• [YOUR ASSIGNMENT] Starting at the line that contains "選択した対象データについて、列ごとの変更前、変更後の内容を表示します。" and stopping at the line that contains "or other gears", transcribe every line of the material below exactly; pictures stay out.

• [SUPPLIED ENTRIES]
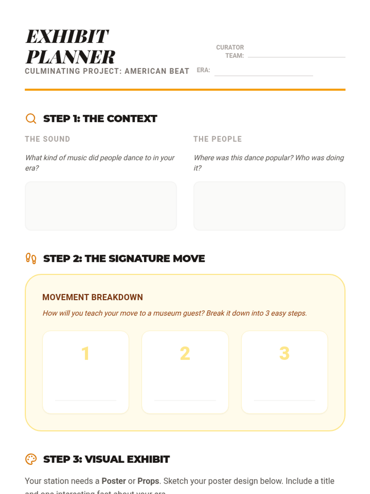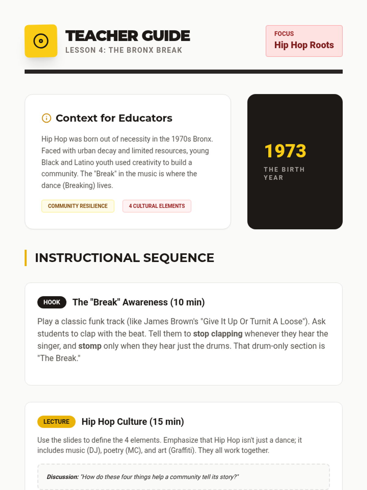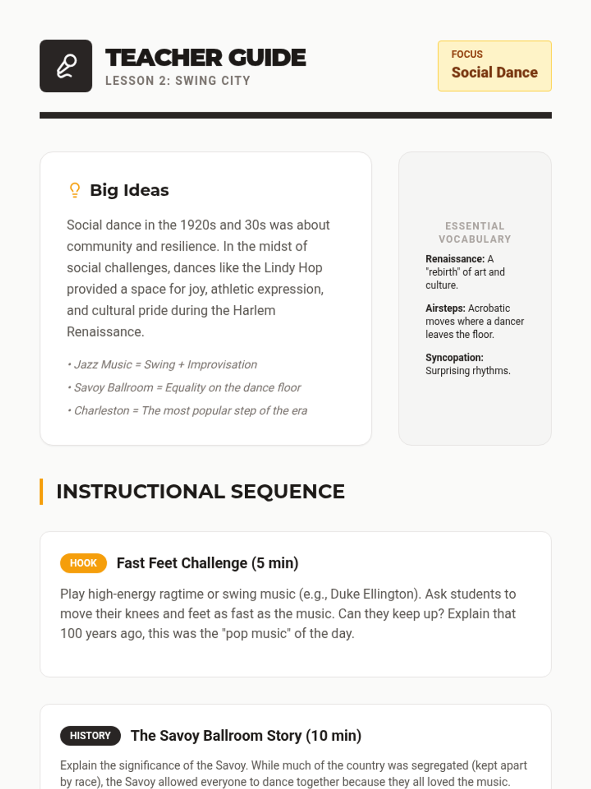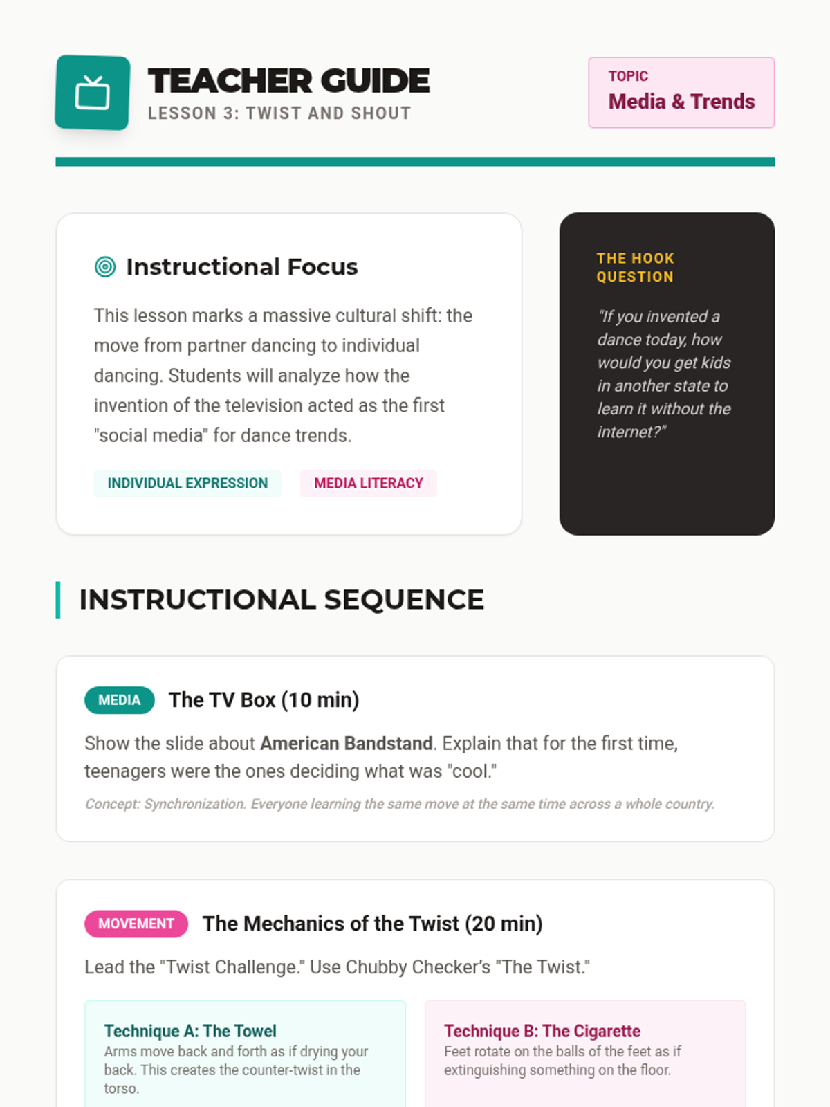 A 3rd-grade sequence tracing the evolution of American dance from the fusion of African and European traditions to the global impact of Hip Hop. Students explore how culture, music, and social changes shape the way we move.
==
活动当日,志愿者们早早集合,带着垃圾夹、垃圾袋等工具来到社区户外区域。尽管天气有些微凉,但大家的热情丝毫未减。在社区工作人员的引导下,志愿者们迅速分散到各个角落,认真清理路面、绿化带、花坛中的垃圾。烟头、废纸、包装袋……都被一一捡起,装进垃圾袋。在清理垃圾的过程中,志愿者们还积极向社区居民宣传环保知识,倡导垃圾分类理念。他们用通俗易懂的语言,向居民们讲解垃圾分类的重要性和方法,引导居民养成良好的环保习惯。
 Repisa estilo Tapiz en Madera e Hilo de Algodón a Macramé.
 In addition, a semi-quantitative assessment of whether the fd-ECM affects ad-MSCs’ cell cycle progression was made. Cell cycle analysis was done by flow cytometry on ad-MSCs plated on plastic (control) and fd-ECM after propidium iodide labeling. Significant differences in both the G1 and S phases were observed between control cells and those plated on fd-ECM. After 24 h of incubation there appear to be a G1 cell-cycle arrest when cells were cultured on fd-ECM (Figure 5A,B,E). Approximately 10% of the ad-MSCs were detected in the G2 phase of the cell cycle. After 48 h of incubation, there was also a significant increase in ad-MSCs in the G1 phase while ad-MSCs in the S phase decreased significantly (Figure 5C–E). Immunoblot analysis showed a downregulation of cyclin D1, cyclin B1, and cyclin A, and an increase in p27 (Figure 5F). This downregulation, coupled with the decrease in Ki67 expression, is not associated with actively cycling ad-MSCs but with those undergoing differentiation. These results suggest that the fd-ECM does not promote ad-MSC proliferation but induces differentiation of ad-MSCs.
* * *
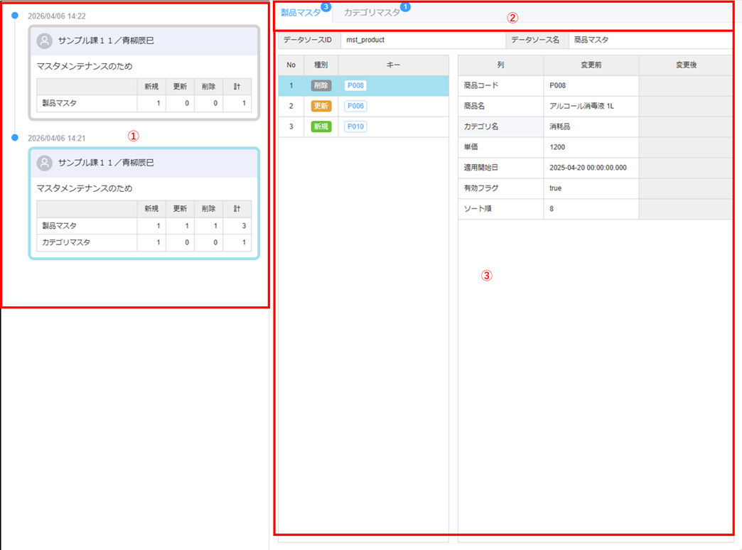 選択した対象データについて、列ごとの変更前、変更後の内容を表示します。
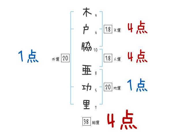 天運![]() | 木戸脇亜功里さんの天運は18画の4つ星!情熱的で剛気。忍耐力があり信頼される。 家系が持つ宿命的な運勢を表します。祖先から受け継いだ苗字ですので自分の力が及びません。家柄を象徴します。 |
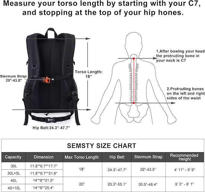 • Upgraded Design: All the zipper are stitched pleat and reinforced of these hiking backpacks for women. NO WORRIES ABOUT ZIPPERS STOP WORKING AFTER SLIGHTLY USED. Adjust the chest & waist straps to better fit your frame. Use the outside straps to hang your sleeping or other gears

• [TASK RESULT]
 選択した対象データについて、列ごとの変更前、変更後の内容を表示します。
 天運![]() | 木戸脇亜功里さんの天運は18画の4つ星!情熱的で剛気。忍耐力があり信頼される。 家系が持つ宿命的な運勢を表します。祖先から受け継いだ苗字ですので自分の力が及びません。家柄を象徴します。 |
 • Upgraded Design: All the zipper are stitched pleat and reinforced of these hiking backpacks for women. NO WORRIES ABOUT ZIPPERS STOP WORKING AFTER SLIGHTLY USED. Adjust the chest & waist straps to better fit your frame. Use the outside straps to hang your sleeping or other gears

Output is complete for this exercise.